Ранним ноябрьским утром, когда на улице еще темно и сонно, как ночью, дети шли в школу, жалея себя до слез. Погода была совершенно безрадостной, дети торопились зайти в помещение, где было тепло и светло, хотя бы и казенным люминесцентным светом.
Учеников 7 «Б» класса ожидал урок литературы в 33-м кабинете на третьем этаже.
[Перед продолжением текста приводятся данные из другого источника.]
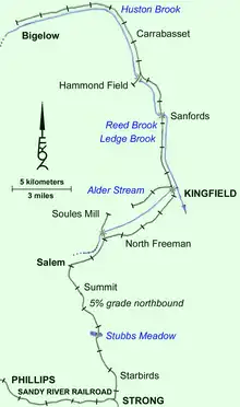 Milepost 0: Strong - Connection with the Sandy River Railroad.[28]
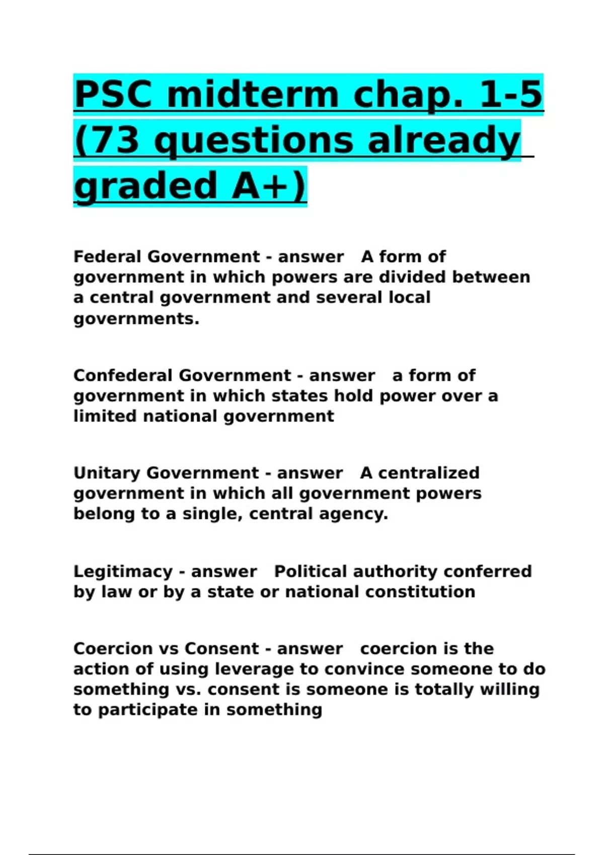 PSC midterm chap. 1-5 (73 questions already graded A+).
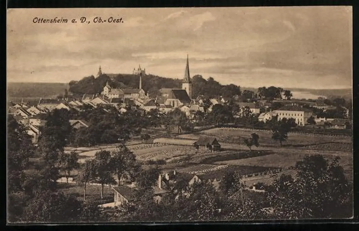 AK Ottensheim a. D., Ortsansicht mit Feldern

Вообще-то, это был кабинет химии, но в школах предметникам часто приходится странствовать, и, вместо того, чтобы сидеть за своим удобным невысоким столом в окружении портретов русских писателей, Серафима Георгиевна восседала за приподнятой над землей массивной кафедрой, и прямо перед ней раскинулась со всеми своими символами таблица элементов, а сбоку жег взглядом ее инвольтатор, Дмитрий Менделеев.
Серафима Георгиевна преподавала русскую литературу вот уже тридцать семь лет, и эта литература ей до сих пор не надоела. Скорее, ей надоели дети. Но она никогда бы в этом не призналась, потому что смолоду была воспитана служить призванию.
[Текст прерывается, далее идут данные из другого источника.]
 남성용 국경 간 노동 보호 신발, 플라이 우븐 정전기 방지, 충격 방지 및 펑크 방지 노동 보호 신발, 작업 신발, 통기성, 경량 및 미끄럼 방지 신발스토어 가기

Строгим и неулыбчивым взглядом, прямо держа голову с туго зачесанными седыми волосами, она наблюдала, как ученики заходят в класс. Некоторые выглядели еще совсем детьми, в других уже происходили загадочные переходы, и они находились на разных стадиях превращения в юношей и девушек.
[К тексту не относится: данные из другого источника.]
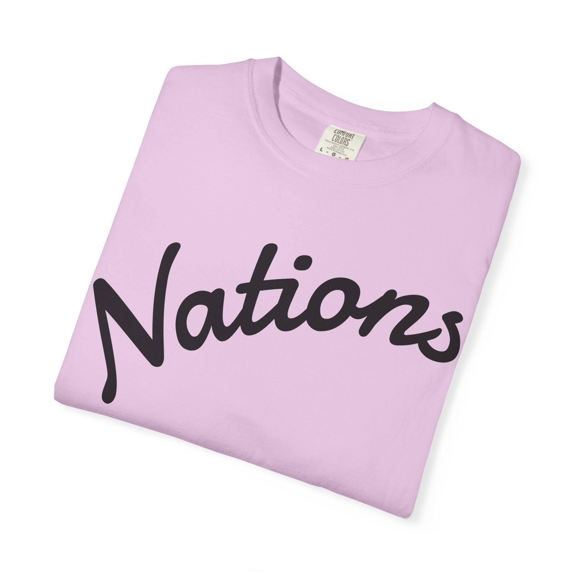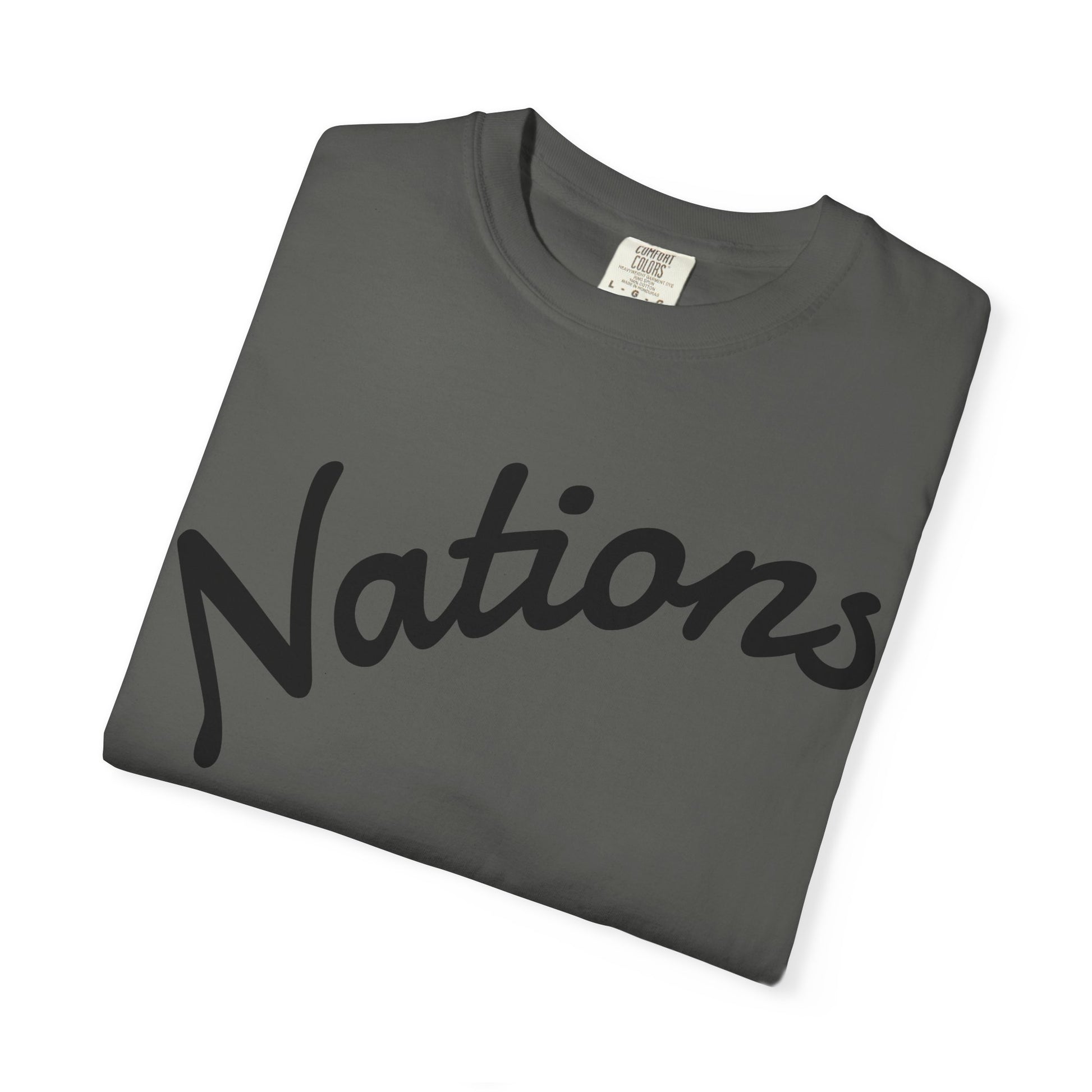This heavyweight garment-dyed tee brings quiet confidence to your everyday wardrobe. Soft from the first wear, the shirt’s vintage-like dye and relaxed cut let it sit comfortably over jeans, layered under a jacket, or worn solo on warm mornings. The front lettering—bold, handwritten “Nations” with a subtle stamped subtitle—reads like a worn team emblem or a found poster, giving the tee a nostalgic, lived-in feel. It’s made to be reached for on slow weekends, during road trips, and at community meetups where comfort and understated style matter more than logos. The knit construction and durable stitching promise a slow-fade patina rather than quick wear, so the shirt becomes part of your rotation and a quiet companion to stories you collect along the way.

На каждое «здрасьте, Серафима Гёргевна!» старая учительница отвечала легким кивком.
— Ой, Серафима Георгиевна, а у вас чулок порвался!
— Хамить будешь в другом месте, Филенкова!
Серафима Георгиевна была опытным педагогом и годами отработанной интонацией могла поселить стыд и ужас в душе любого школьника. Раскаяние настигло Филенкову мгновенно, и сердце, которое только что было у девочки легким, вдруг стало тяжелым.
Прозвенел звонок. Неуловимым движением Серафима ужесточила позу. Класс понял, что от него требуют полной тишины, и подчинился.
— Итак, письмо Татьяны Онегину.
Строгий ноготь начал движение по мышиному формуляру классного журнала. Остановился.
— Старосельский. Вальдемар. Письмо Татьяны.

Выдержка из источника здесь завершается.